Every year for the past decade Pat Irvine has written an open letter in the North Belfast News to Robert James Campbell, the only man ever convicted in relation to the McGurk’s massacre.

This year it will be different, because she will also be posting the letter to his home.

Pat said 40 years after her 53-year-old mother was killed in the bomb, she wants Campbell to sit down and tell her the truth about the bomb that killed 15 people and robbed her of her mother.

She was 14 years old at the time of her mother’s death and says she can remember vividly the hours leading up to the bombing and the devastating effect it had on her father John, who spent the rest of his life wracked with guilt that out of their table of four enjoying a quiet drink in the bar, he was the only survivor.

“That day I was out walking about the streets of the New Lodge with my friend Catherine. We would walk round the Barrack, the long streets, it was just something you did at that age,” she said

“Usually round every corner you would meet a foot patrol, but that night we saw no one at all. The place was so quiet; there were no lights on or anything. Looking back, the silence was deafening.”

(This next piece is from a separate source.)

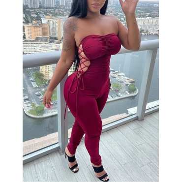 Lovely Street Bandage Hollow-out Design Red One-piece Jumpsuit

Pat said after the bomb exploded she and her friend watched as a “hill of people” tried to clear the rubble from the site of the bar, never knowing that her parents Kathleen and John were buried underneath it.

“I remember running down one of the long streets and as we turned onto North Queen Street there was a crowd standing at Tiger’s Bay cheering and singing ‘bits and pieces, bits and pieces’, that is something that will always stay with me.”

It was only hours later when her parents didn’t return home to the house they shared with John’s mother, Pat and her older brother Sam, then 16, that they realised they had been in the bar.

“It was only that I overheard people who had called into the house saying to my grandmother ‘God help them two wee children now their mother is gone’ that I knew,” she said.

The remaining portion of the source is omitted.